### [GIVEN RECORDS]
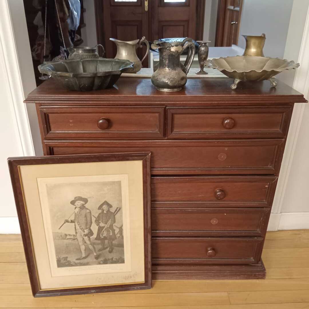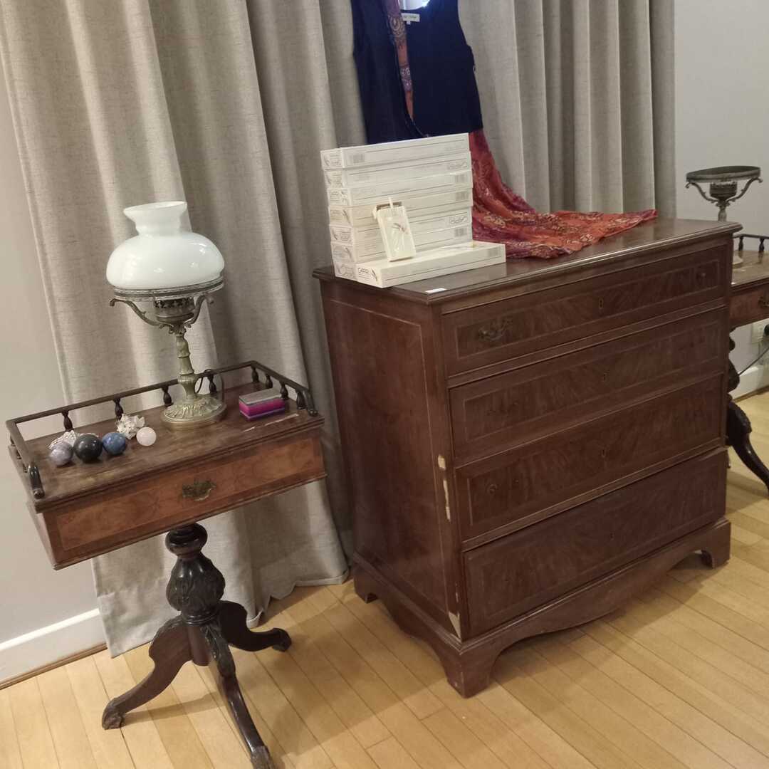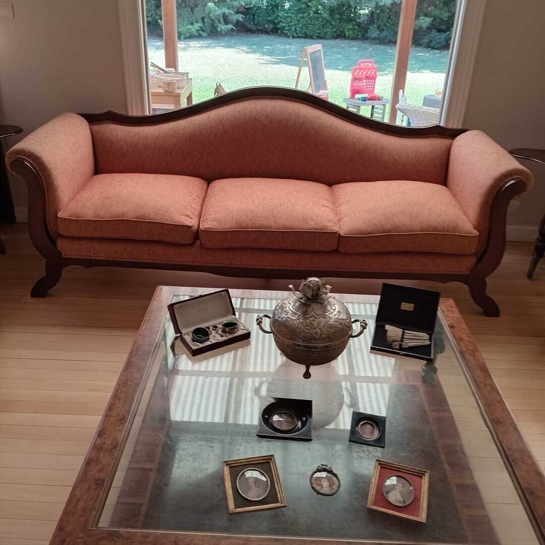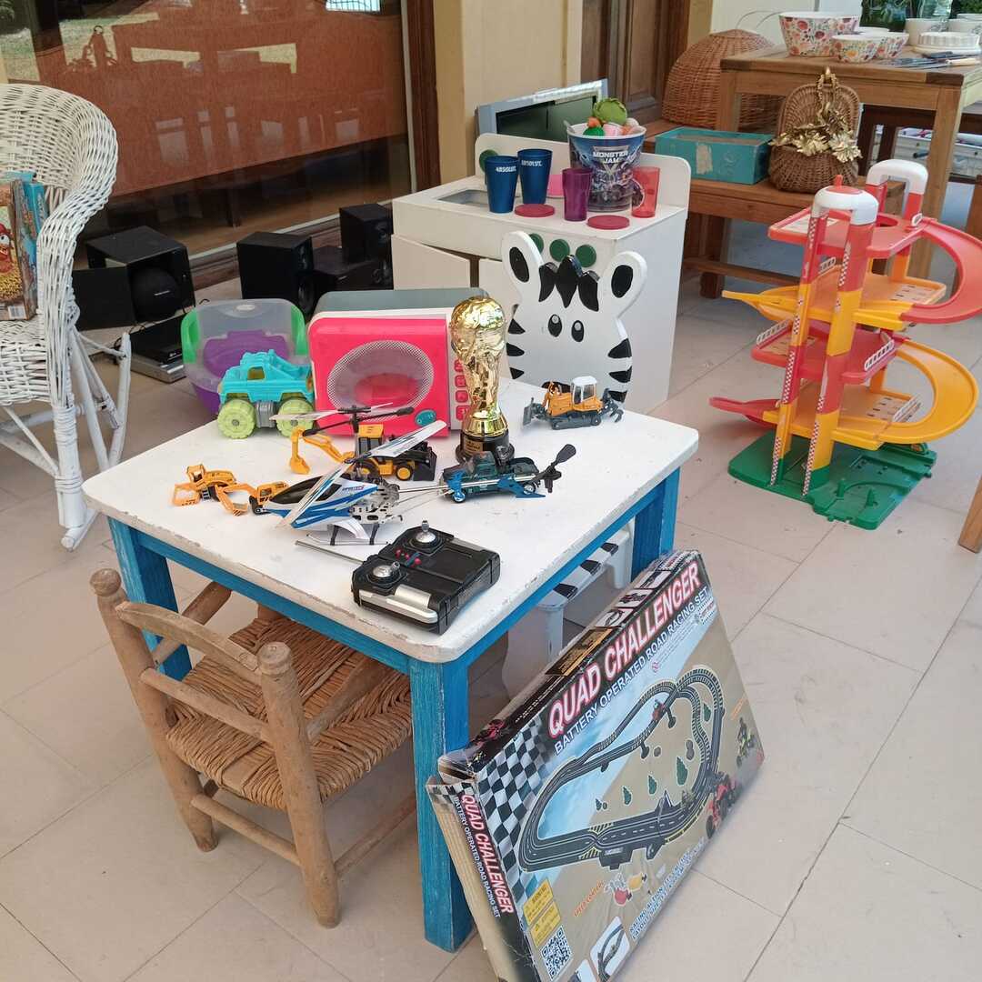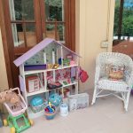 Sofá 3 cuerpos estilo Inglés tapizado chenille; sofá 2 cuerpos; par sillones 1 cuerpo; mesas auxiliares: par estilo Inglés con alas, 2 planos, de sala baja estilo Inglés tapa partida, vitrina, otras; comedor: mesa tapa oval, 2 sillones, 8 sillas; aparador alto estilo Inglés con 8 puertas y 3 cajones; cómoda 6 cajones, otra 4 cajones; mueble 2 módulos con 2 puertas y 4 cajones; perchero con ganchos en bronce y espejo; sommier 2 x 2 Rossen; cama 1 plaza; par mesas de luz estilo Inglés con 1 cajón y pie central, otras par con 1 puerta, 1 cajón y tapa de mármol-Adornos y vajilla; figuras porcelana Capodimonte y otras; florero Capodimonte; cristalería, copas y vasos, botellones, jarra con cucharón, juego de café en vidrio con montura acero; jarra y centro en metal; revistero madera; patos; cacharros cobre; paragüero; espejos con marco dorado y marco patinado; cuadros decorativos, óleos «Naturaleza muerta con flores» y «Naturaleza muerta con uvas» firmado F. Arniholt; par cuadros «Personajes», «Interior», «Vacas»; grabado «Atacando»; marco dorado; araña en bronce 6 luces con caireles; quinqué en porcelana rosa; lámparas de mesa, blanca con gris, par en bronce, pasteca; apliques brazo extensible, par estilo Holandés 2 luces, plafón y aplique colgante; chispero articulado en bronce-LDC 42″ Samsung Smart; freezer cajón Gafa; horno eléctrico Smart Life y otro Atma; enseres de cocina; bolsa con palo de golf; libros; accesorios niños: cuna blanca, coche bebé, practicuna, colchones cuna, 2 sillas autos, bibliotecas, baúl en madera, cocinita, pizarrón de pie, mecedora mimbre, sillita comer, pelela; jardín: living en mimbre, juego en madera maciza: mesa tapa rectangular y bancos; metegol; valijas, bolsos; ropa de cama; cortinas roller y otras, barrales platil; ropa de bebé, juguetes, Barbies, animalitos, autitos-Ropa de mujer: La Ventana, San Ángel, Laura Manrique, Sofía Chame, Adirana Constantini, Anne Taylor, Paradigmas, Prune, otras; perfumes y más…
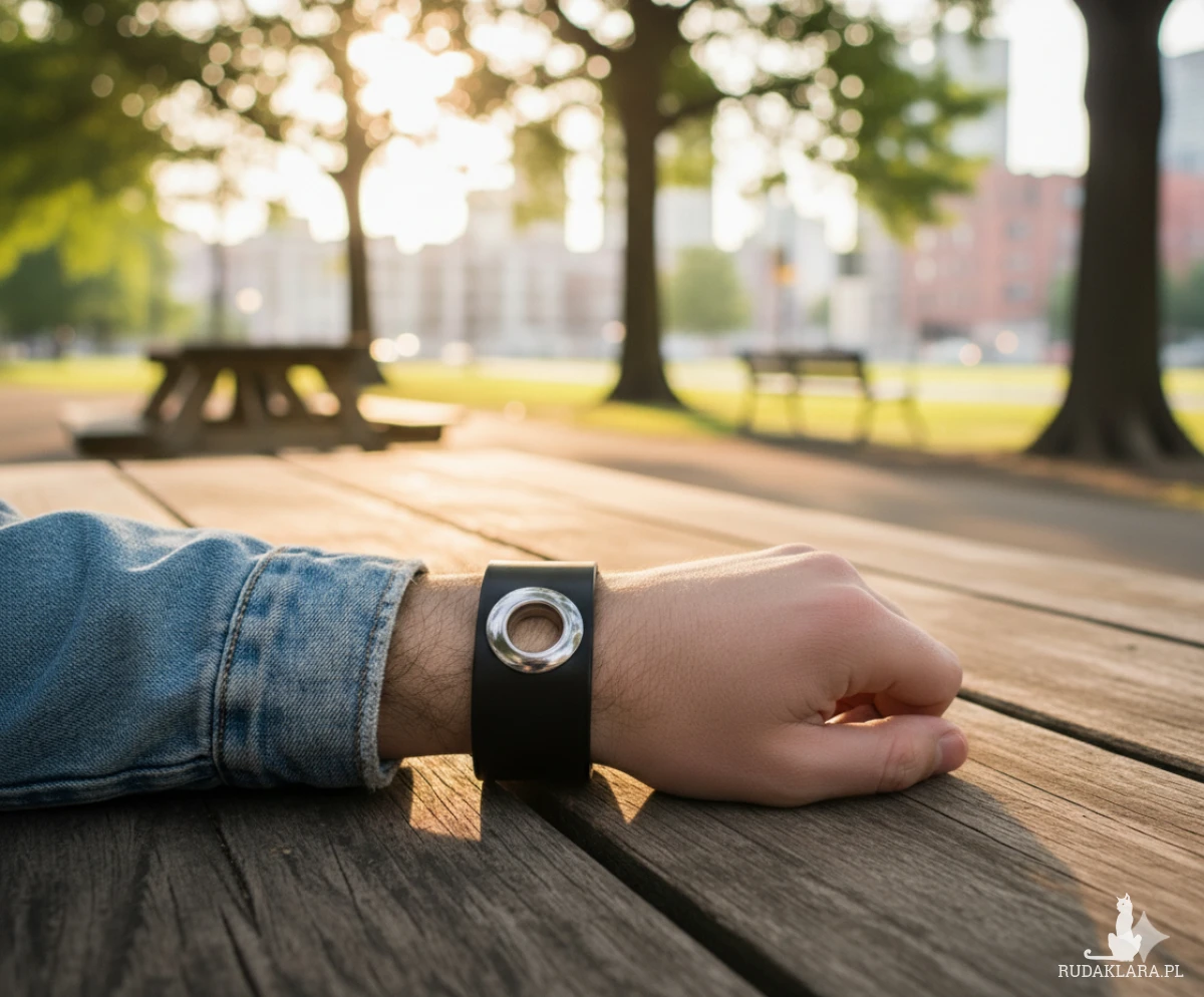 Wykonana z wysokiej jakości skóry naturalnej i trwałej stali chirurgicznej, gwarantuje komfort noszenia i odporność na codzienne wyzwania.
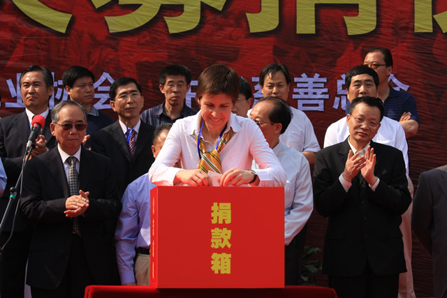 全国畜牧总站书记何新天在中国畜牧饲料行业抗震救灾募捐仪式上捐款 国家动物疾病控制中心副主任李明在中国畜牧饲料行业抗震救灾募捐仪式上捐款 国际友人德国农业协会施敏迪女士在中国畜牧饲料行业抗震救灾募捐仪式上捐款
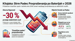 Prispevek na spletnem športalu Battery Tech Network o pričakovanem močnem upadu povpraševanja po kitajskih litijevih baterijah v začetku leta 2026, kar je posledica zmanjšane prodaje električnih vozil in šibkejšega izvoza. Glavni razlog za ta negativen trend je postopno odpravljanje davčnih olajšav in subvencij, kar bo po napovedih povzročilo vsaj 30-odstotni padec prodaje zelenih vozil. Strokovnjaki opozarjajo proizvajalce, naj omejijo proizvodnjo in se […]
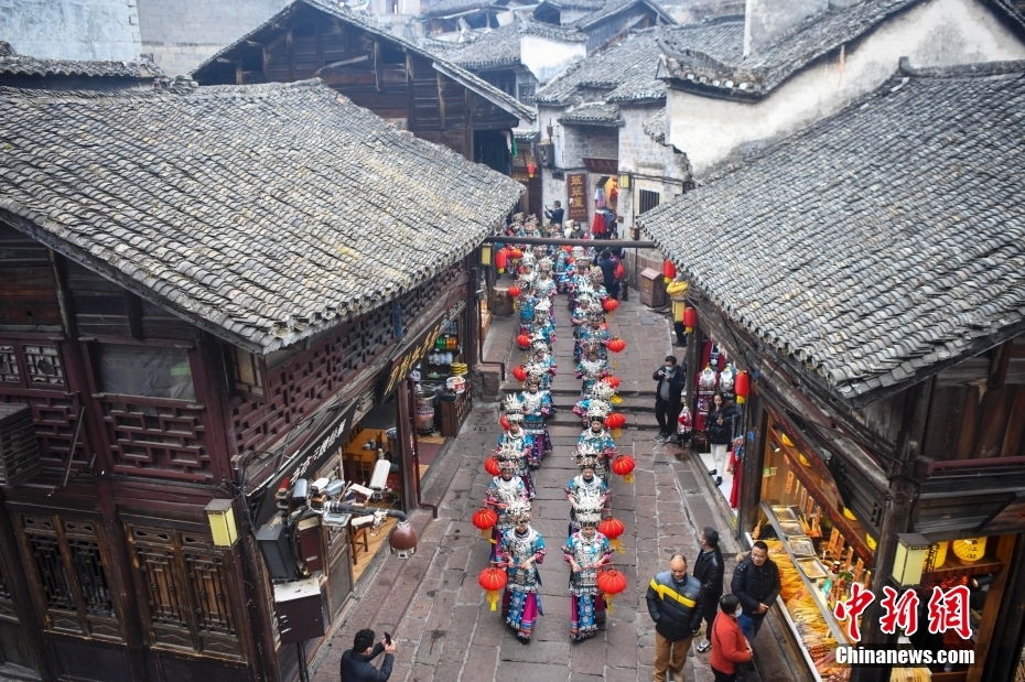 正月初一,湖南湘西凤凰古城的苗家人身着苗族盛装,打着苗鼓、提着灯笼穿梭在古城的大街小巷,庆祝新春佳节的到来。杨华峰摄
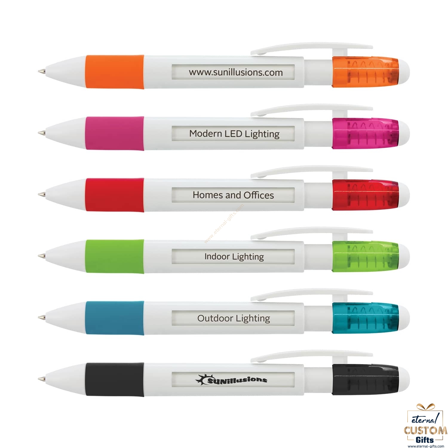 Retractable plastic ballpoint pen with a white barrel, a soft rubber grip and a rotating inner barrel which holds six different messages. Each time the push button is clicked, a new message is displayed in the two clear barrel windows. It has a blue or black refill with 1200 metres of German manufactured Dokumental ink. A production lead time of 40 working days applies to this product by air freight and orders can be sea freighted on request to reduce the freight cost.
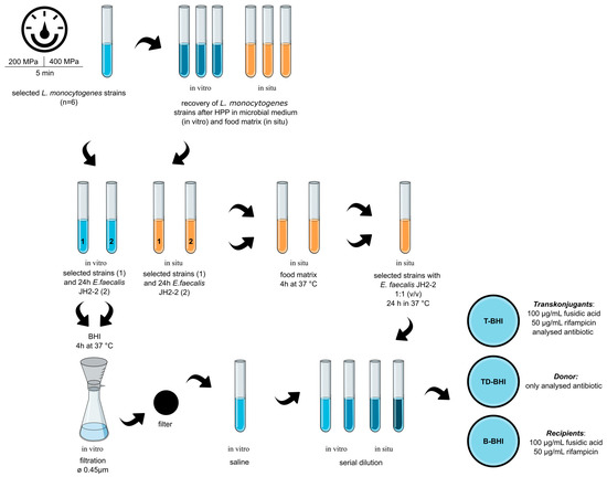 The experiment was performed using the membrane filter method [47]. Strains after HPP in microbial medium (200 MPa/5 min), and strains after recovery in microbial medium (after 400 MPa/5 min) were used as donors, and E. faecalis strain JH2-2 was used as the recipient. Donor strains not exposed to HPP treatment were gene transfer controls. Gene transfer was performed according to the scheme presented by Wiśniewski et al. (2024) [19] with some modifications (Figure 2). For strains, regeneration was performed after HPP treatment at 400 MPa/5 min. After the recovery of the cells, gene transfer proceeded according to the mentioned scheme. Three types of solid microbial media were used in this study—the first for transconjugants (T-BHI), containing 100 µg/mL fusidic acid, 50 µg/mL rifampicin and the appropriate concentration of the antibiotic encoding by the gene for which the transfection was performed; second—for donor (TD-BHI), containing only the proper concentration of the antibiotic for which resistance is encoded by the gene for which the transfer was carried out; third—for recipients (B-BHI), containing 100 µg/mL fusidic acid and 50 µg/mL rifampicin. To exclude the possibility of transformation DNase I (ThermoFisher Scientific, Waltham, MA, USA) was added to the plates (100 µg/mL). Transfer results were reported and defined as the transfer frequency, i.e., the number of transconjugant colonies (CFU/mL) divided by the number of donor cells.

### [DESCRIPTION OF THE TASK]
Every entry is to be reproduced word for word, and no image is carried over.

### [WRITTEN ANSWER]
 Sofá 3 cuerpos estilo Inglés tapizado chenille; sofá 2 cuerpos; par sillones 1 cuerpo; mesas auxiliares: par estilo Inglés con alas, 2 planos, de sala baja estilo Inglés tapa partida, vitrina, otras; comedor: mesa tapa oval, 2 sillones, 8 sillas; aparador alto estilo Inglés con 8 puertas y 3 cajones; cómoda 6 cajones, otra 4 cajones; mueble 2 módulos con 2 puertas y 4 cajones; perchero con ganchos en bronce y espejo; sommier 2 x 2 Rossen; cama 1 plaza; par mesas de luz estilo Inglés con 1 cajón y pie central, otras par con 1 puerta, 1 cajón y tapa de mármol-Adornos y vajilla; figuras porcelana Capodimonte y otras; florero Capodimonte; cristalería, copas y vasos, botellones, jarra con cucharón, juego de café en vidrio con montura acero; jarra y centro en metal; revistero madera; patos; cacharros cobre; paragüero; espejos con marco dorado y marco patinado; cuadros decorativos, óleos «Naturaleza muerta con flores» y «Naturaleza muerta con uvas» firmado F. Arniholt; par cuadros «Personajes», «Interior», «Vacas»; grabado «Atacando»; marco dorado; araña en bronce 6 luces con caireles; quinqué en porcelana rosa; lámparas de mesa, blanca con gris, par en bronce, pasteca; apliques brazo extensible, par estilo Holandés 2 luces, plafón y aplique colgante; chispero articulado en bronce-LDC 42″ Samsung Smart; freezer cajón Gafa; horno eléctrico Smart Life y otro Atma; enseres de cocina; bolsa con palo de golf; libros; accesorios niños: cuna blanca, coche bebé, practicuna, colchones cuna, 2 sillas autos, bibliotecas, baúl en madera, cocinita, pizarrón de pie, mecedora mimbre, sillita comer, pelela; jardín: living en mimbre, juego en madera maciza: mesa tapa rectangular y bancos; metegol; valijas, bolsos; ropa de cama; cortinas roller y otras, barrales platil; ropa de bebé, juguetes, Barbies, animalitos, autitos-Ropa de mujer: La Ventana, San Ángel, Laura Manrique, Sofía Chame, Adirana Constantini, Anne Taylor, Paradigmas, Prune, otras; perfumes y más…
 Wykonana z wysokiej jakości skóry naturalnej i trwałej stali chirurgicznej, gwarantuje komfort noszenia i odporność na codzienne wyzwania.
 全国畜牧总站书记何新天在中国畜牧饲料行业抗震救灾募捐仪式上捐款 国家动物疾病控制中心副主任李明在中国畜牧饲料行业抗震救灾募捐仪式上捐款 国际友人德国农业协会施敏迪女士在中国畜牧饲料行业抗震救灾募捐仪式上捐款
 Prispevek na spletnem športalu Battery Tech Network o pričakovanem močnem upadu povpraševanja po kitajskih litijevih baterijah v začetku leta 2026, kar je posledica zmanjšane prodaje električnih vozil in šibkejšega izvoza. Glavni razlog za ta negativen trend je postopno odpravljanje davčnih olajšav in subvencij, kar bo po napovedih povzročilo vsaj 30-odstotni padec prodaje zelenih vozil. Strokovnjaki opozarjajo proizvajalce, naj omejijo proizvodnjo in se […]
 正月初一,湖南湘西凤凰古城的苗家人身着苗族盛装,打着苗鼓、提着灯笼穿梭在古城的大街小巷,庆祝新春佳节的到来。杨华峰摄
 Retractable plastic ballpoint pen with a white barrel, a soft rubber grip and a rotating inner barrel which holds six different messages. Each time the push button is clicked, a new message is displayed in the two clear barrel windows. It has a blue or black refill with 1200 metres of German manufactured Dokumental ink. A production lead time of 40 working days applies to this product by air freight and orders can be sea freighted on request to reduce the freight cost.
 The experiment was performed using the membrane filter method [47]. Strains after HPP in microbial medium (200 MPa/5 min), and strains after recovery in microbial medium (after 400 MPa/5 min) were used as donors, and E. faecalis strain JH2-2 was used as the recipient. Donor strains not exposed to HPP treatment were gene transfer controls. Gene transfer was performed according to the scheme presented by Wiśniewski et al. (2024) [19] with some modifications (Figure 2). For strains, regeneration was performed after HPP treatment at 400 MPa/5 min. After the recovery of the cells, gene transfer proceeded according to the mentioned scheme. Three types of solid microbial media were used in this study—the first for transconjugants (T-BHI), containing 100 µg/mL fusidic acid, 50 µg/mL rifampicin and the appropriate concentration of the antibiotic encoding by the gene for which the transfection was performed; second—for donor (TD-BHI), containing only the proper concentration of the antibiotic for which resistance is encoded by the gene for which the transfer was carried out; third—for recipients (B-BHI), containing 100 µg/mL fusidic acid and 50 µg/mL rifampicin. To exclude the possibility of transformation DNase I (ThermoFisher Scientific, Waltham, MA, USA) was added to the plates (100 µg/mL). Transfer results were reported and defined as the transfer frequency, i.e., the number of transconjugant colonies (CFU/mL) divided by the number of donor cells.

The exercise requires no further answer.